To evaluate the effectiveness of percutaneous adhesiolysis in the treatment of refractory low back and leg pain due to post lumbar surgery syndrome or spinal stenosis. The severity of risks and adverse advents associated with percutaneous adhesiolysis were also evaluated.

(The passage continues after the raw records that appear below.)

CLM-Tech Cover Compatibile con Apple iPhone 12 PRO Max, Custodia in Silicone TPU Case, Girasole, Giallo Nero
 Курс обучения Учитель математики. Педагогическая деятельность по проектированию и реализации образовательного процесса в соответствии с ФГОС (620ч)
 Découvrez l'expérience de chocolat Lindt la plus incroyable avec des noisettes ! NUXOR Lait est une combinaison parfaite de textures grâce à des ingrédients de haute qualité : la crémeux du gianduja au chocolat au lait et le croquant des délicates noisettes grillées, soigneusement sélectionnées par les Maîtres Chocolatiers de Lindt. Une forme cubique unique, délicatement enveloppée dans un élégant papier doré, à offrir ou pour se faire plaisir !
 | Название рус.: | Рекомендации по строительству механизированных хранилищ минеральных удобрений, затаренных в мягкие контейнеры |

The available literature on percutaneous adhesiolysis for the treatment of refractory low back and leg pain due to post lumbar surgery syndrome or spinal stenosis was reviewed. The quality assessment and clinical relevance criteria utilized were the Cochrane Musculoskeletal Review Group criteria as utilized for interventional techniques for randomized trials and the criteria developed by the Newcastle-Ottawa Scale criteria for observational studies. The level of evidence was classified as good, fair, and limited (or poor) based on the quality of evidence developed by the U.S. Preventive Services Task Force (USPSTF). Data sources included relevant literature identified through searches of PubMed and EMBASE from 1966 to June 2012, and manual searches of the bibliographies of known primary and review articles.

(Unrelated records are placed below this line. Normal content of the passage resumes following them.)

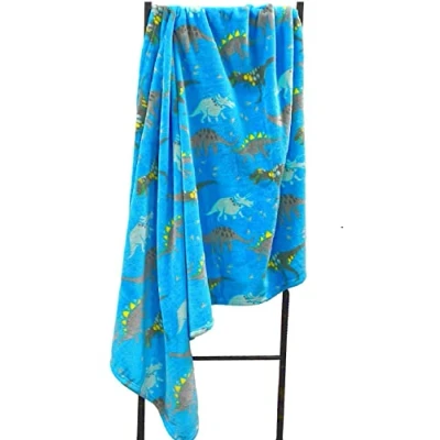Adore Home Super Soft Fleece Dinosaur Blanket Kids Character Blue & Cuddly 100x150cm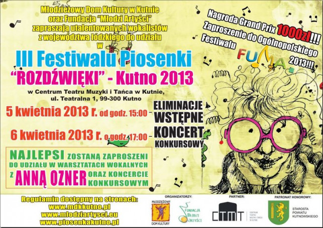WydarzeniaMłodzieżowy Dom Kultury w Kutnie oraz Europejska Fundacja Wspierania Talentów Dzieci i Młodzieży "Młodzi Artyści" zapraszają utalentowanych wokalistów z województwa łódzkiego do udziału w III Festiwalu Piosenki "Rozdźwięki" - Kutno 2013Eliminacje odbędą się w dniu 5 kwietnia w Centrum Teatru, Muzyki i Tańca. Przesłuchania od godziny 15:00. Koncert konkursowy odbędzie się dzień później. Start godzina 17:00. Warsztaty wokalne dla uczestników poprowadzi Anna Ozner.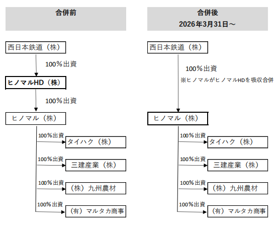 さて、本日開催の各社株主総会において、ヒノマルホールディングス株式会社(以下、甲という。住所:東京都中央区日本橋三丁目2番5号)とヒノマル株式会社(以下、乙という。)は、2026年3月31日を効力発生日として、甲を吸収合併消滅会社、乙を吸収合併存続会社とする吸収合併(以下、本吸収合併という。)を行うことといたしました。本吸収合併により、乙は甲に関する権利義務を承継いたします。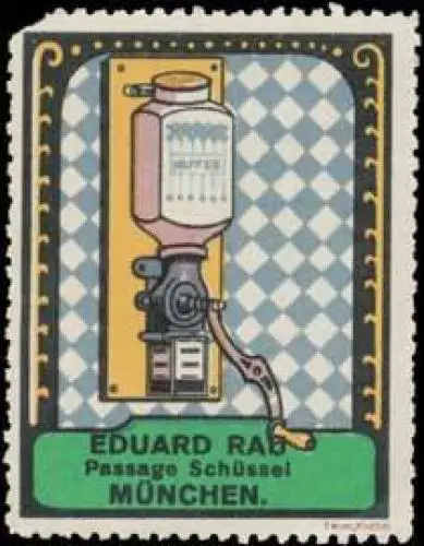 Kaffeemühle, Größe/Zustand: 6x5 , beschädigt, Original alte Reklamemarke die seinerzeit für die Werbung benutzt wurde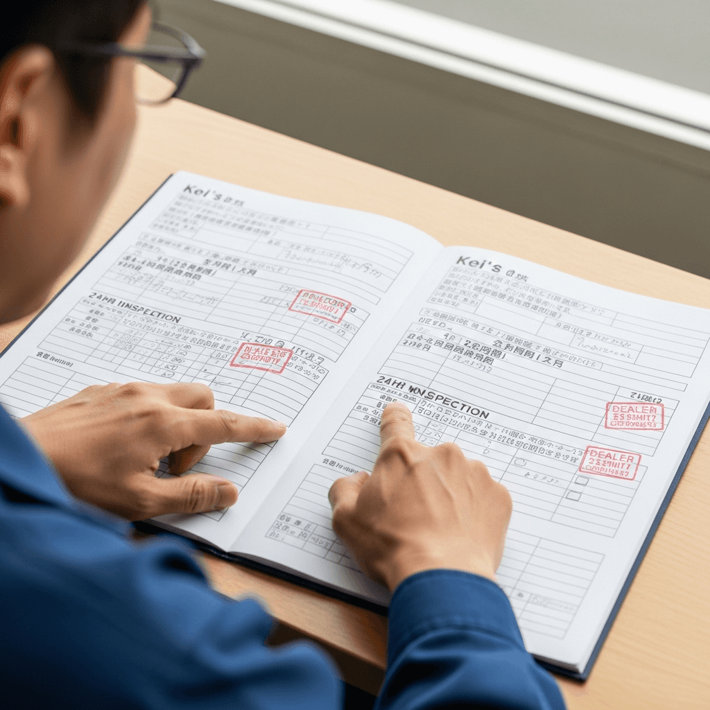 Keiの整備記録簿に定期点検(12ヶ月・24ヶ月)の履歴が全て記載されていれば「管理の行き届いた車」と高評価。特にエンジンオイル交換履歴は重要で+6~9万円の効果。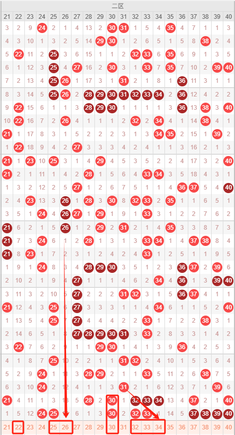 二区:最近二区10期出号情况为:5 5 4 6 4 3 5 3 8 9,总出号情况为53个,平均出号5.3个,本期二区号码还是比较弱势推荐:22 25 26 30 32 33 34。重点关注:22 26 33 34。

The primary outcome measure was pain relief of at least 6 months. Secondary outcome measures were improvement in functional status, change in psychological status, return to work, and reduction in opioid use or interventions.

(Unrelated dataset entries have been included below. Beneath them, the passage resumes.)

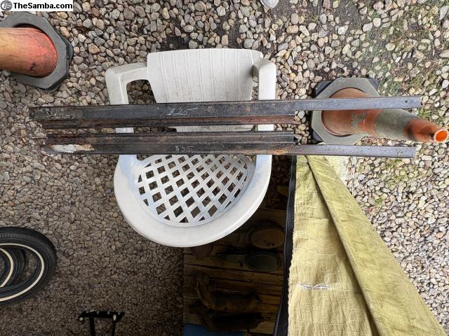 A decent pair of outer heater channel repair panels, which include the running board mounts also. Some surface rust from sitting in my garage.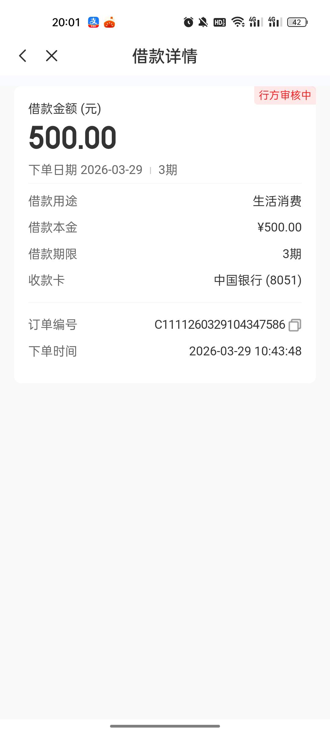 我也是29申请的第三笔 行方审核中
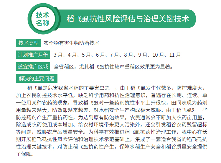 2019年主推技术:稻飞虱抗性风险评估与治理关键技术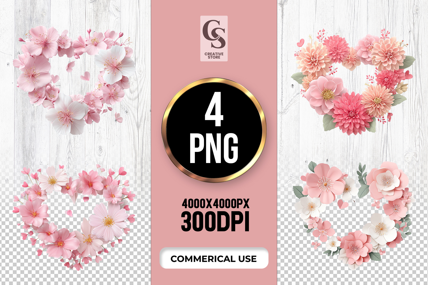 4 Pink Floral Heart Frame Clipart Sublimation PNG Files Perfect for Greeting Cards, Invitations, Junk Journal, Party Decor, Scrapbooking and many other craft projects.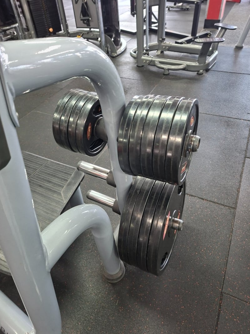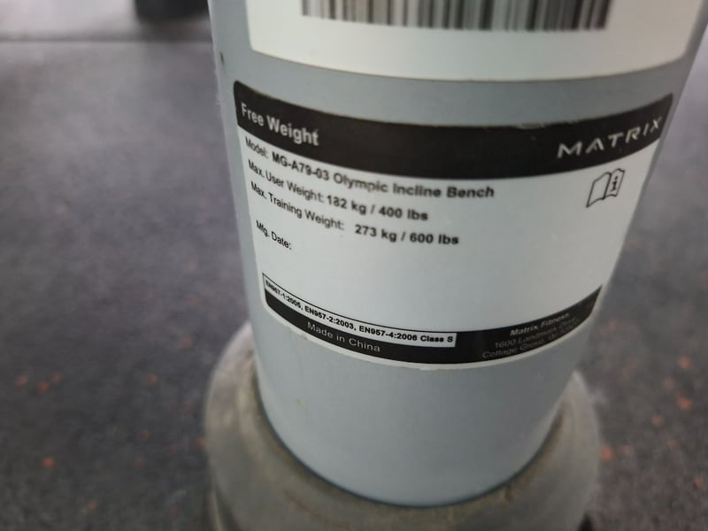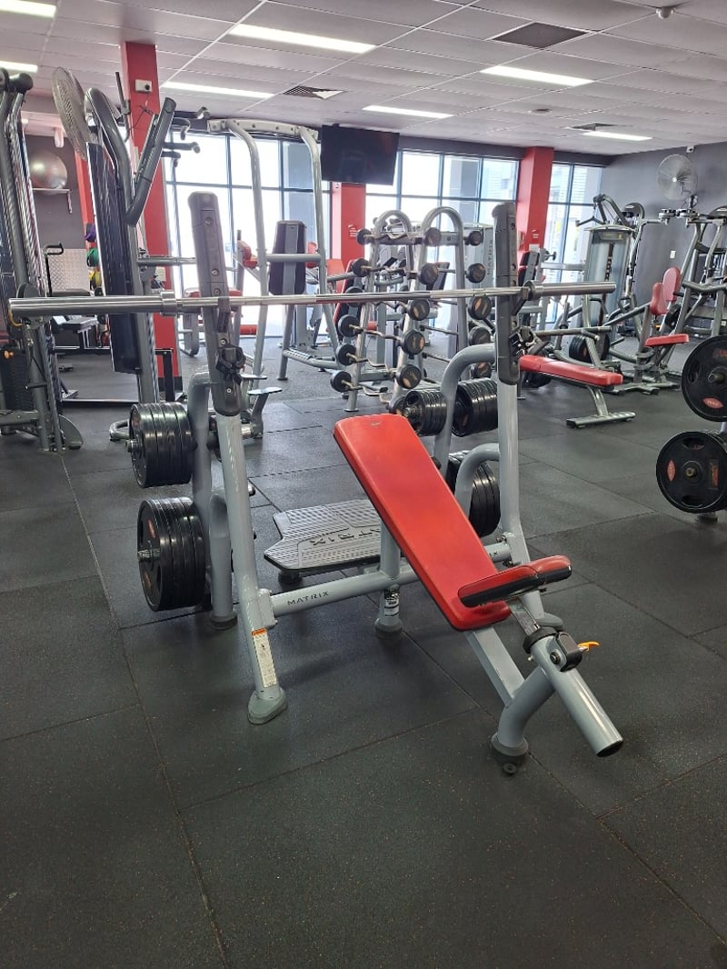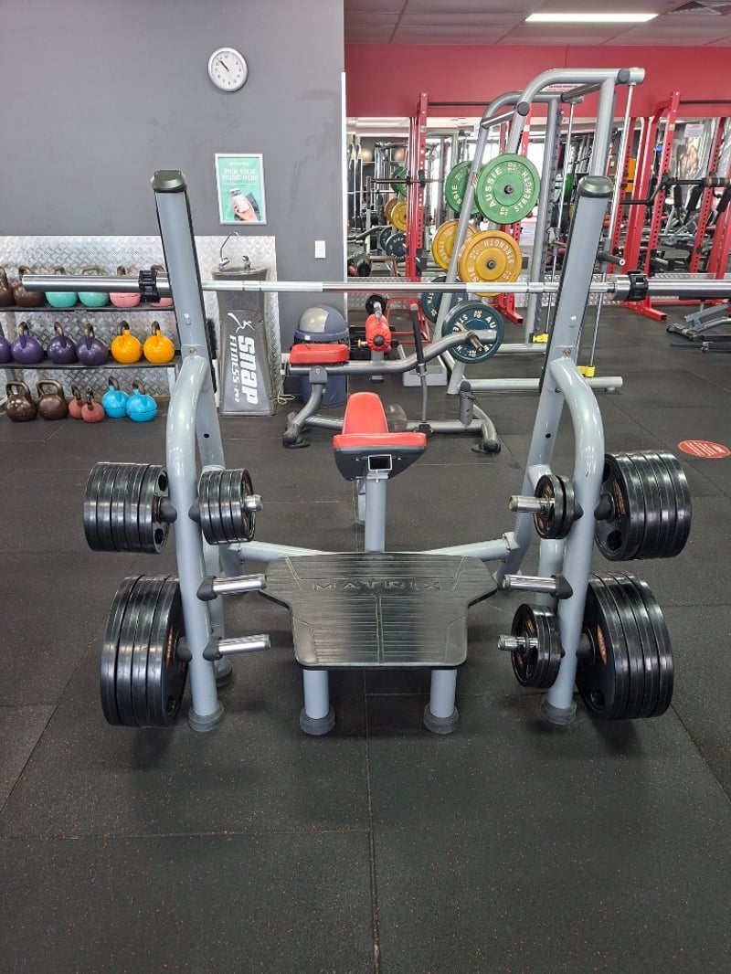 Incline Bench Press – Matrix Includes: 1 x 30mm 20kg Aussie Strength barbell 8 x 20kg weight plates 4 x 10kg weight plates 7 x 5kg weight plates 4 x 2.5kg weight plates 2 x 1.25kg weight plates Description: Matrix commercial-grade incline bench press setup complete with Aussie Strength 20kg barbell and full complement of Olympic-style plates. Heavy-duty steel bench frame with adjustable backrest and integrated racking points for safe and controlled pressing.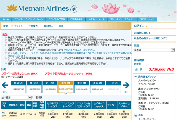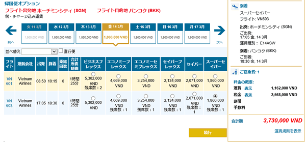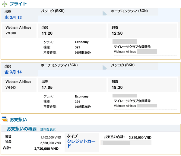 あとは、バンコク~ホーチミンの往復移動ですが、この区間はベトナム航空を利用します。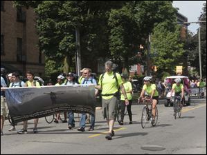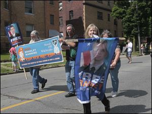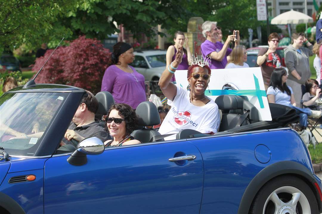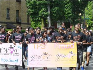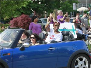 Toledo City Council President Paula Hicks-Hudson, center, waves to the crowd along Bancroft Street.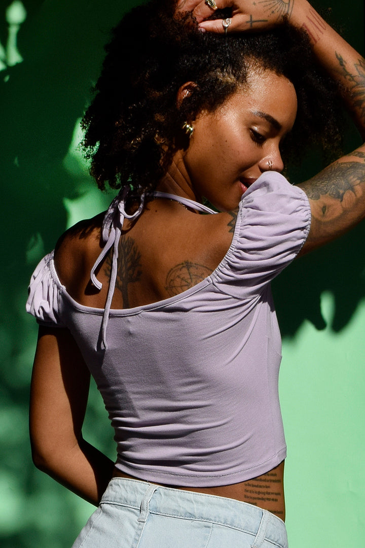 Super cute and unique style top featuring a tie back halter and a front tie bow!
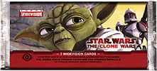 Star Wars: The Clone Wars Widevision trading cards present season one of the hit Cartoon Network TV show the way it is supposed to be seen – in stunning widescreen! Each extra-wide card showcases the incredible CGI (Computer Generated Imagery) of the animated series with key scenes from every episode. In addition, each card back contains trivia, quotes, guides and in-depth, insider info.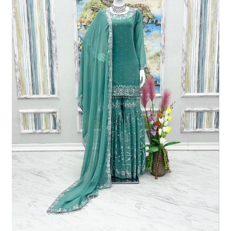 Added new colours *Ready to wear* -3 piece set (kurti+Plazzo+dupatta) designer sharara suit

For this systematic review, 15 studies were identified and selected for review. Of these, 5 randomized controlled trials and 2 observational studies met the inclusion criteria. Applying the USPSTF criteria, these studies indicate that there is fair evidence that percutaneous adhesiolysis is effective in relieving low back and/or leg pain caused by post lumbar surgery syndrome and that there is fair evidence that percutaneous adhesiolysis is effective in relieving low back and/or leg pain caused by spinal stenosis.The incidence of complications from percutaneous adhesiolysis is low and the complications are generally minimal and self-limited. The procedure should be considered to be low risk for serious adverse events when performed by well-trained physicians.
The limitations of this systematic review include the paucity of literature.
In summary, there is fair evidence that percutaneous adhesiolysis is effective in relieving low back and/or leg pain due to post lumbar surgery syndrome or spinal stenosis.
腰椎术后综合征或椎管狭窄症患者在未经手术治疗的情况下出现腰背痛是一个棘手的问题。腰椎术后综合征可发生于任何年龄组,而椎管狭窄引起的腰背痛和根性痛是一种与年龄相关的疾病。随着人口老龄化,症状性椎管狭窄的发病率将会增加。目前这两组患者的治疗选择都很有限。再次手术并不能均匀有效地缓解先前手术后的疼痛。虽然正在开发治疗椎管狭窄引起疼痛的疗法,但除了粘连松解术之外,没有任何疗法可以治疗因瘢痕形成引起的疼痛。粘连松解术是一种去除硬膜外瘢痕的方法,这些瘢痕直接或间接导致压迫、炎症、肿胀或神经根营养供应减少。粘连松解术采用多种方法来分解硬膜外瘢痕,包括使用带有金属丝的导管进行机械性粘连松解术,将导管放置在硬膜外空间的腹外侧,位于神经根出口处,以及使用大量的注射剂,包括局部麻醉剂和生理盐水,无论是高渗还是等渗,并加入类固醇。
腰椎术后综合征或椎管狭窄症患者经皮粘连松解术治疗难治性腰腿痛的系统评价。
评估经皮粘连松解术治疗腰椎术后综合征或椎管狭窄症所致难治性腰腿痛的有效性。还评估了经皮粘连松解术相关的风险和不良事件的严重程度。
对经皮粘连松解术治疗腰椎术后综合征或椎管狭窄症所致难治性腰腿痛的相关文献进行了综述。使用的质量评估和临床相关性标准是 Cochrane 肌肉骨骼介入技术综述组标准,以及用于观察性研究的纽卡斯尔-渥太华量表标准。根据美国预防服务工作组(USPSTF)制定的证据质量标准,将证据水平分为好、中、差(或差)。数据来源包括通过搜索 PubMed 和 EMBASE 从 1966 年至 2012 年 6 月获得的相关文献,以及对已知的原始和综述文章的参考文献的手工搜索。
主要结局指标是至少 6 个月的疼痛缓解。次要结局指标是功能状态的改善、心理状态的改变、重返工作岗位、阿片类药物使用或干预的减少。
对于这项系统评价,共确定了 15 项研究,并对其进行了综述。其中 5 项随机对照试验和 2 项观察性研究符合纳入标准。根据 USPSTF 标准,这些研究表明,有中等证据表明经皮粘连松解术可有效缓解腰椎术后综合征引起的腰背痛和/或腿痛,并且有中等证据表明经皮粘连松解术可有效缓解椎管狭窄引起的腰背痛和/或腿痛。经皮粘连松解术的并发症发生率较低,并发症通常轻微且自限性。当由训练有素的医生进行操作时,该手术应被视为发生严重不良事件的风险较低。
这项系统评价的局限性包括文献数量有限。
总之,有中等证据表明经皮粘连松解术可有效缓解腰椎术后综合征或椎管狭窄症引起的腰背痛和/或腿痛。